Лартиги исстари были папистами, даже в те времена, когда гугеноты пользовались некоторыми привилегиями не к выгоде католиков; но вся деревня уважает Лартигов — ведь, если не считать несогласий с нами в делах веры, они люди хорошие и честные.

— Кто захочет собаку убить, скажет: «Она бешеная!» — упорствовала мать в своих предостережениях, но она не могла сломить решимость отца.

А наутро приехал аббат Шайла и расположился в нашей деревне, потребовав, чтобы согнали на работу окрестных каменщиков и землекопов, — он решил возвести укрепление вокруг дома, выбранного им для себя и своей свиты; глава католических миссионеров не смел со времени опасной встречи на Кан де л’Опитале вылезти за ограду своей резиденции без вооруженной охраны из драгун и солдат городского ополчения — они сопровождали его во всех поездках и роскошествовали за счет «новообращенных», к коим их ставили на постой. Отдав распоряжения насчет стола и прочих своих утех, аббат потребовал к себе мальчишку-певчего, своего любимца, и список жителей округи, дабы заняться чтением перед сном.

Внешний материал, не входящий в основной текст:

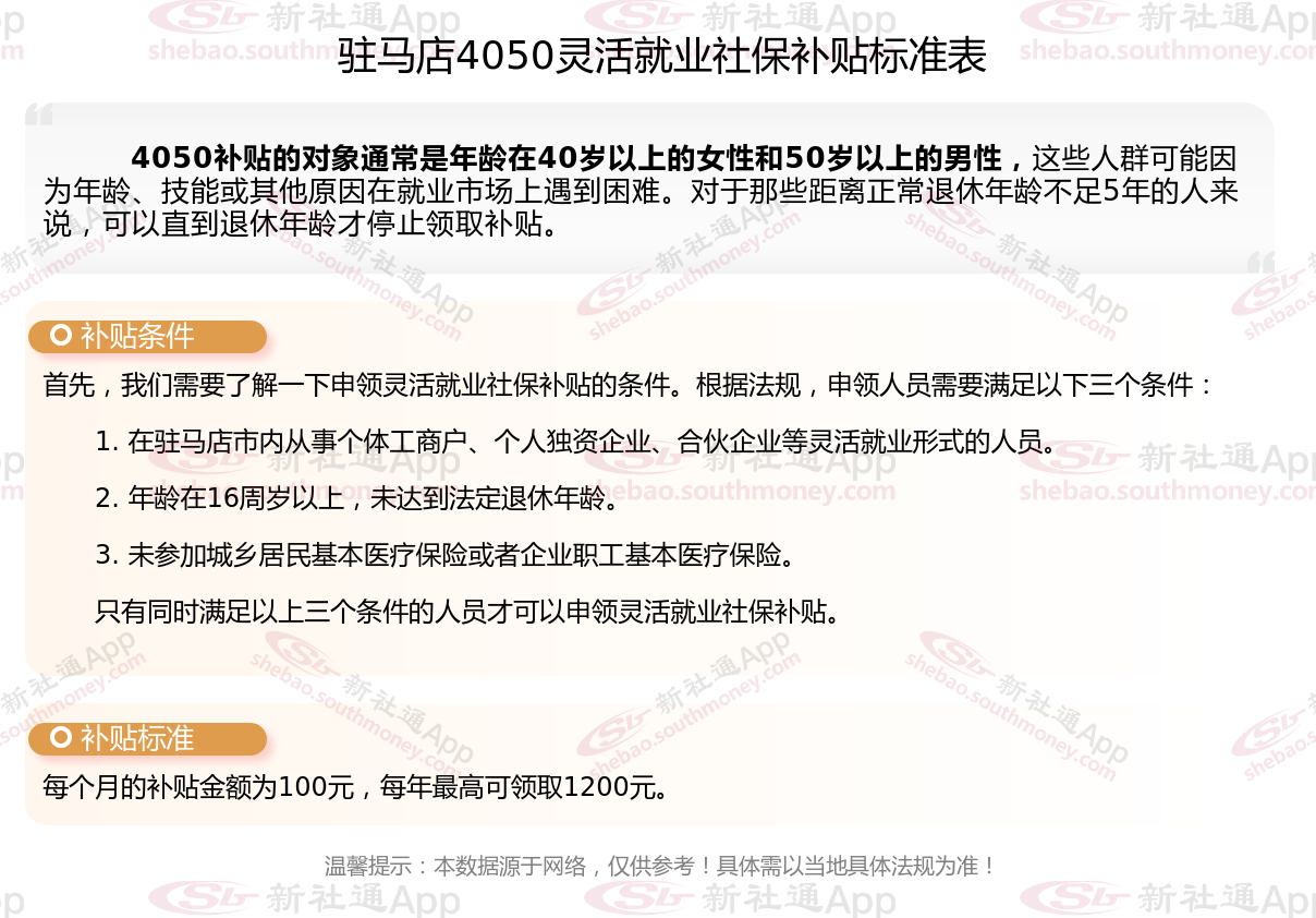 二、2025年驻马店4050社保补贴标准及条件(4050社保补贴多少钱?)

И вот во вторник утром явились к нам четверо — два драгуна и два солдата из ополчения города Конкуля; явились, как будто их назначили на прокорм в наш хутор. Они не спеша шли по дороге, остановились у Фон де Божу, напились там холодной ключевой воды, о коей слава доходит даже до Конкуля. Самый рослый из них — драгун в каске с цветком ромашки, заткнутым за ухо, — что-то крикнул по-немецки и ударил ногой в нашу дверь, только раз, но с такой силой, что под его сапожищем филенка треснула сверху донизу.

Отец сидел у окошка, точил о брусок косу; старшего брата Эли дома не случилось — он валил лес в горах; Теодор был в чердачной каморе, где мы держали шелковичных червей, — понес им туда листьев тутового дерева; меня мать мигом затолкала под стол.

Солдаты уселись на другом конце стола. Им подали и еду и питье, словно были они путники, что приходили в сумерки попросить приюта под нашей кровлей, — так бывало с тех пор, как сожгли харчевню «Большая сковорода»; мы всегда радушно принимали прохожих людей и просили у них только одной платы: когда согреются да ублаготворят свое чрево, пусть в благодарность за гостеприимство малость подождут укладываться спать, а расскажут нам, где идут войны, где косит народ моровая язва, какие вести доходят с разных концов света… Но эти четверо пришельцев вели себя неучтиво, не так, как прохожие, жрали и пили без меры.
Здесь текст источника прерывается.